It is becoming clear that the coronavirus outbreak may be more difficult to contain than initially hoped. And the economic toll, as health officials curtail transport and close factories and stores, could remain unclear for weeks. But if you have a smart investment plan, you should be able to pull it off, despite volatile days like Monday.
Here’s what you need to know.
Why the market reacts
This is not the first time the US stock market has reacted to coronavirus fears, with some industries such as airlines and hotels already showing weakness. Meanwhile, the Chinese stock market has been hit even harder, with stocks falling as much as 10% in late January, although they have since regained much of the lost ground.
Still, US investors, cradled by low unemployment and strong corporate earnings, had largely ignored the fears – until now. One of the reasons is Apple, one of the most valuable and watched companies in the market. Apple last week said it would no longer meet its quarterly revenue target after the coronavirus reduced its ability to make iPhones in China and also hurt sales of its products to Chinese consumers.
Another reason investors are suddenly paying attention is the apparent spread of the virus beyond China, particularly in Europe. While isolated cases have emerged in the United States and elsewhere for weeks, the recent increase in several countries suggests authorities are struggling to contain the virus.

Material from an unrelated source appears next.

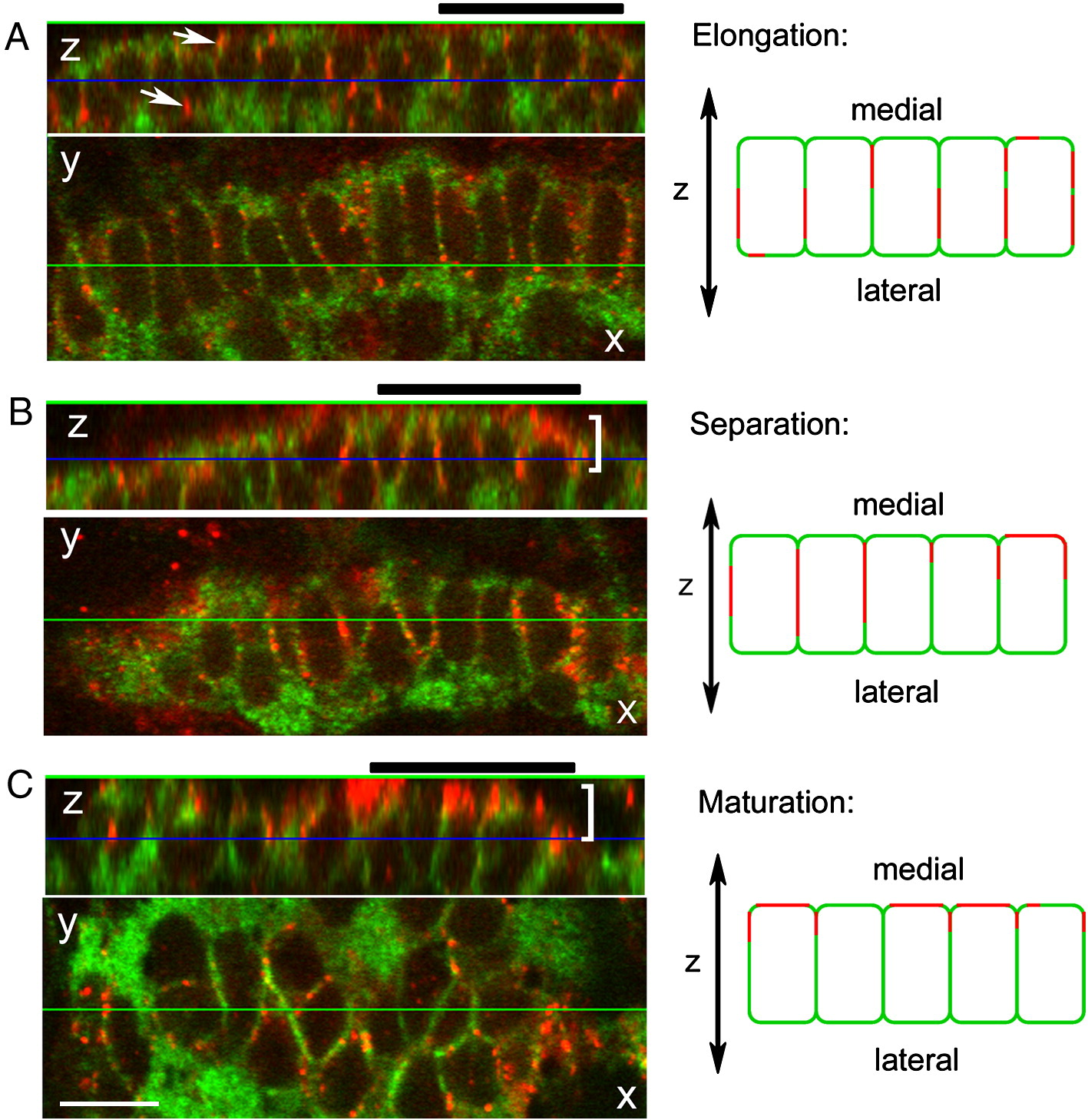 Fig. 3 Cx43 localization during joint morphogenesis. A single image from a Z-stack collected by confocal microscopy is shown in the X–Y plane. The display on top represents a slice through the Z-stack along the horizontal green line (i.e., the X–Z plane). The blue line in this display indicates the location of the front image within the Z-stack. During elongation (A), Cx43 (arrows) is found surrounding the ZNS5 positive cells. During separation (B) and maturation (C), Cx43 appears polarized (brackets) toward the medial face of the ZNS5-positive cells. A group of five cells from the X–Z planes are represented by cartoons to the right of each image. Thick black bars over each X–Z plane identify the cells represented by cartoons at the right. Scale bar, 10 μm.

Moreover, the fact that it appears to be settling in Europe could mean greater disruption for the US economy. Overall, US large-cap stocks made about 38% of their total income from foreign markets in 2018, according to Morningstar. While around 8% were from China, around 14% were from Europe.
Why you shouldn’t overreact
While Monday’s stock market decline is the biggest of the year so far, dominating the headlines on many news sites, you need to consider it in context.
The Dow Jones remains at 27,961. While it’s nearly 4% below what it was on Friday – a shocking drop in a few hours of trading – it’s just a bit below where the market at the beginning of the month. The Dow Jones started in February at 28,256. Go back a little further and the market looks even better. It was not until November 16 that the Dow Jones closed above 28,000 for the first time in its history. Indeed, even taking into account Monday’s sharp drop, investors are still up around 8% over the past 12 months.
Another thing you need to keep in mind is that while the market can react quickly to bad news or economic uncertainty, these reactions can be short lived. Earlier this month, Dow Jones Market Data looked at how the market has responded over the medium term to previous health scares over the past 40 years, such as SARS in 2003.
The potential economic effects of the coronavirus are frequently compared to SARS, and the market has finally brushed aside those concerns. Large-cap stocks rose about 14% six months after the first outbreak of the SARS epidemic and 21% a year later. The data tells roughly the same story for most of the dozens of health issues examined by Dow Jones.
What to do now
So what should you do in response to Monday’s Global Sale? The answer, as always, is probably nothing. Your investment horizon should be long term. If you have money in the stock market, that means at least five or 10 years, if not decades, for the savings hidden in a 401 (k) or IRA. This should leave enough time for your holdings to recover, even as transportation and supply chain disruptions trigger a significant economic downturn in parts of the world.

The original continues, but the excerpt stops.